抱著電話聽過對麵傳來的姐妹之情,鄭建國眼前閃過鄭冬花的瓜子臉後說了,話筒中的尤娜仿佛換了個人:“哦,鄭,你找我有事嗎?你看到有可疑分子在你家周圍出沒嗎?”
“沒有,尤娜,我找你是想讓你——教我槍法。”
鄭建國望著窗外還在稀稀落落下的大雪,說過後便聽到話筒中尤娜聲音消失,也就接著開口道:“你知道的,我今天就可以申請獵槍了,所以我想盡快的學點防身的東西,順便去申請下獵槍執照。”
“好吧,我答應你了,為了你的人身安全,正好我知道有家室內射擊場很不錯,那個,什麽時候開始?”
就在鄭建國以為會被拒絕時,傳來的尤娜聲音裏好像沒有半點情緒,他也就開口道:“擇日不如撞日,你今天有空嗎?”
“哦,我有空,今天我在家休班~這也是先前我說還不忙的原因~我去接你?”
尤娜是知道鄭建國住址的,當然這不是說她私下裏記住,而是這貨上次被人裝了竊聽器後讓她過去,這事兒還鬧的沸沸揚揚讓波士頓警察局被媒體關注一波,那次事件後警局裏大家都知道她和鄭的關係不錯了:“你還住在那裏嗎?”
“是的,我還在這裏,那你來接我吧~”
鄭建國倒是沒想到這姐姐會如此體貼,想著對方是個警察,心裏的不安也就消失,他來到美利堅這麽長時間,可是深知這些警察的權利根本不是國內那些警察能比的,讓你不許動你就不許動,否則下場不是被銬起來就是被射倒在地,當然這麽做的原因也是因為美利堅的槍擊事件太頻繁了。
自由美利堅,槍擊每一天,國內的警察最多麵對的是匕首拳頭,而這在美利堅隻要有綠卡就能申請手槍,隻要沒有暴力前科大多都會申請下來,所以警察們在要求可疑人士舉起雙手抱頭的時候,也是害怕可疑人士摸出把槍,這也是上次尤娜看到開門後白牙哥舉槍動作就開槍的原因。

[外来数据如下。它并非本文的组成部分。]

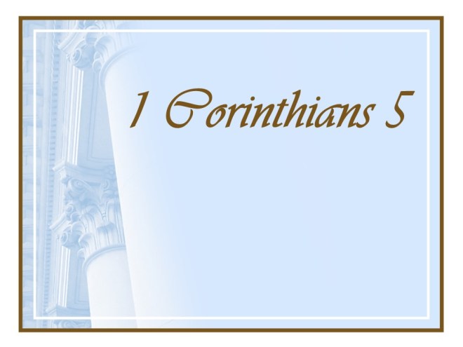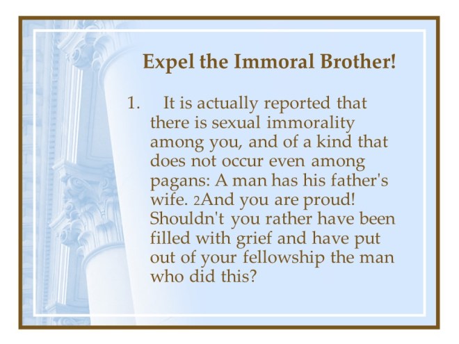 1 Corinthians 5. This is a stern chapter. The Apostle Paul reminded the Corinthians that immorality defiles the church. Immorality must be judged, and somebody that continues to so do must be expelled.
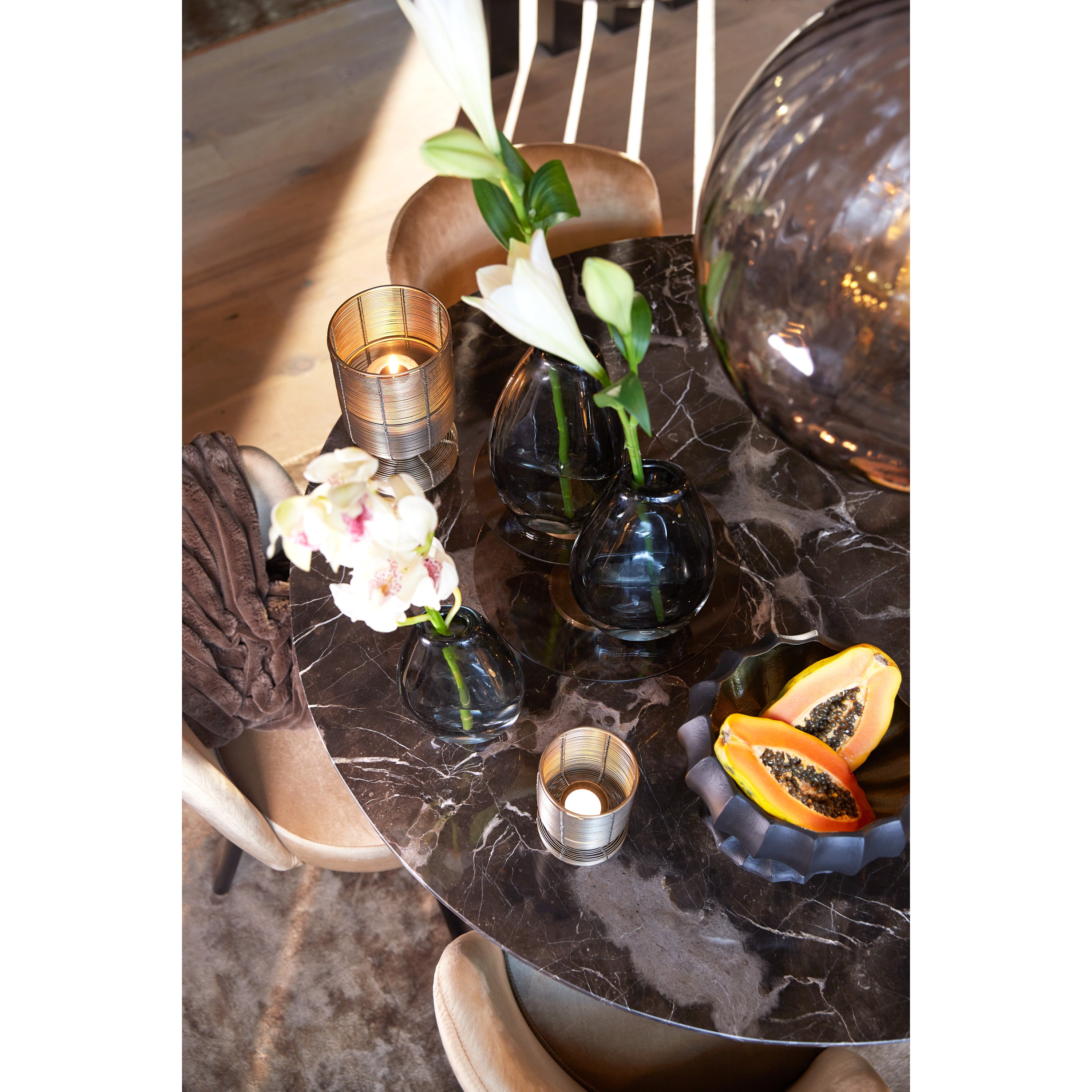 Met zijn tijdloze design past de YNEZ eettafel perfect bij diverse interieurstijlen. Of je nu een modern, klassiek, of industrieel interieur hebt, deze tafel voegt altijd een vleugje elegantie toe aan je eetkamer. Het donker bruine marmeren blad zorgt voor een chique uitstraling, terwijl de compacte afmetingen van Ø100x78 cm ervoor zorgen dat de tafel perfect past in kleinere eetkamers.
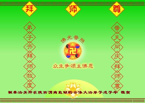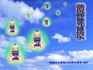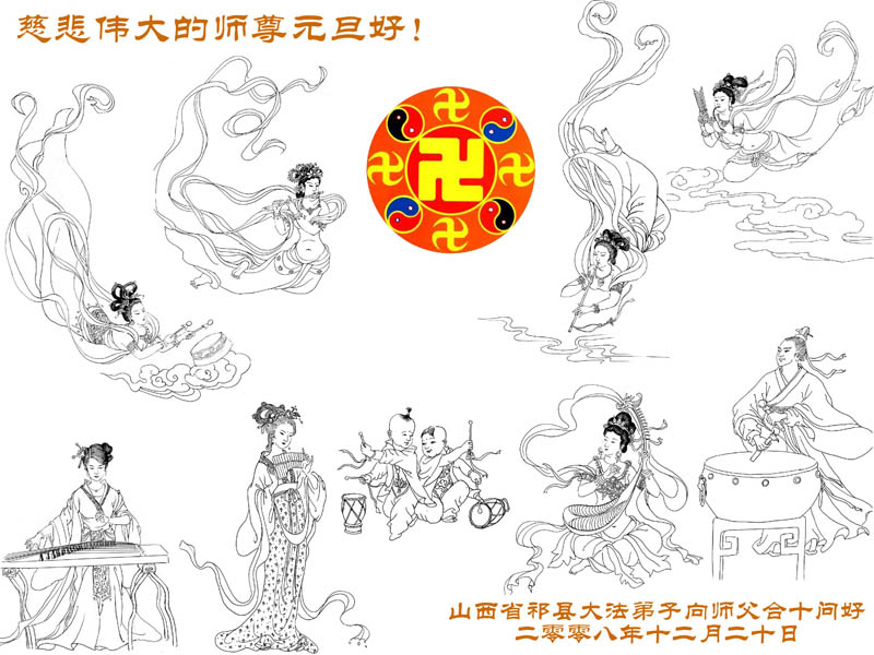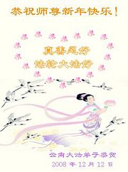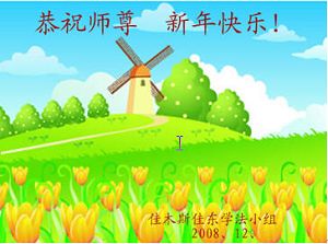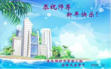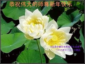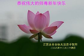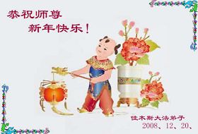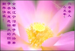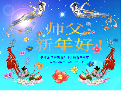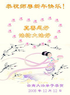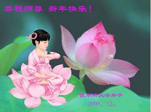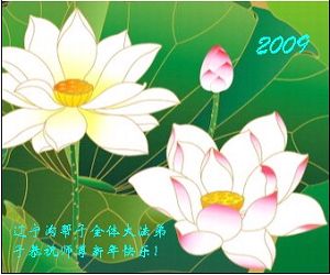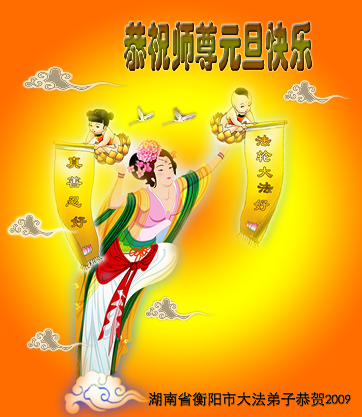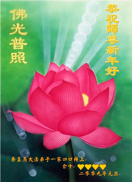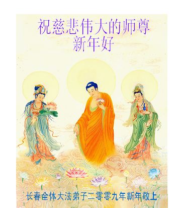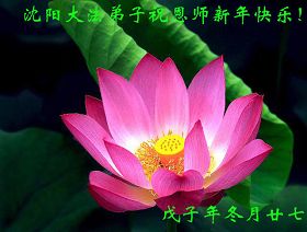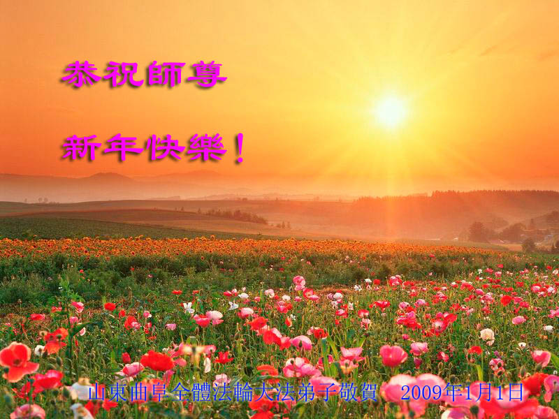 值此2009年新年来临之际,沈阳全体大法弟子恭祝师尊新年快乐!请师父放心,在新的一年里,沈阳全体大法弟子一定会做的更好,救人更多,路走的更正,不负师尊的苦度,不负众生的期待。
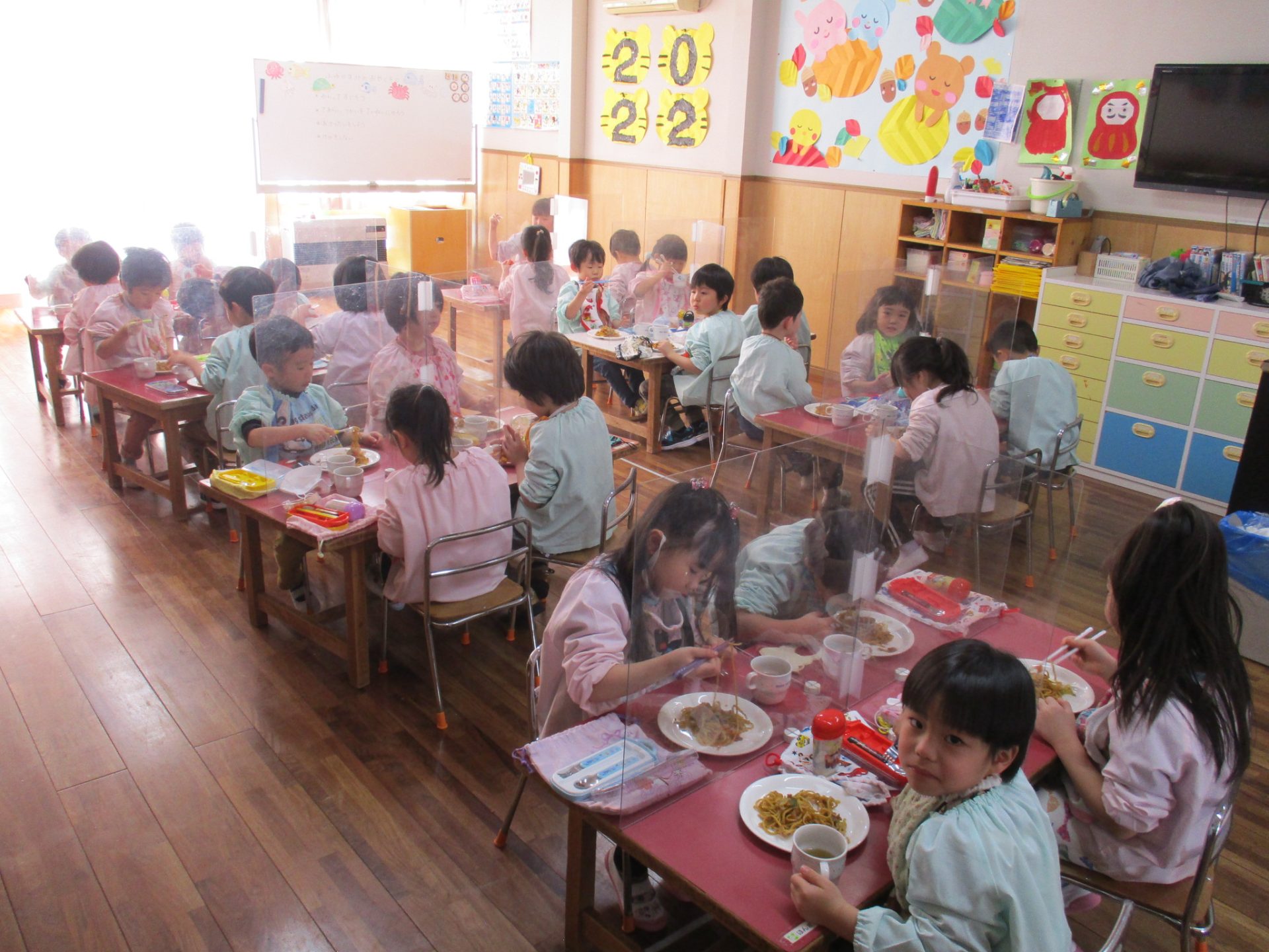 今日は週末という事でお給食の様子も載せておきます☆今日のメニューは焼きそばでした!写真を撮りにお邪魔するたびに「美味しいよ!」「焼きそば大好き!」という声が沢山聞こえていましたよ♪

相比綠卡就可以申請的手槍來說,鄭建國要申請的獵槍證就比較麻煩,而這也是他想起找尤娜的原因,於是在後者進了門後也就拿到了自己想要的信息:“在麻州持槍不能靠狩獵證,你的消息來源不可靠,你需要申請License to Carry (LTC)攜槍許可證或Firearm Identification (FID)火器認證卡。
當然,參考你現在的身份,攜槍許可證就算了,非綠卡外國人是不允許申請的,所以鄭你就要和手槍說拜拜了,因為火器認證卡隻允許擁有者持有步槍和散彈槍,你可以買一把M16或者AK47防身,當然在射擊場你可以隨便玩,隻要交錢就能隨便玩。”
進了鄭建國的宿舍,尤娜就感覺到了陣熱意,接著瞅見房間一角的空調,便拉開了身上羽絨服的拉鏈,露出了姣美的身形笑道:“隻是你把槍帶進校園,哈佛大學怕是會有意見——”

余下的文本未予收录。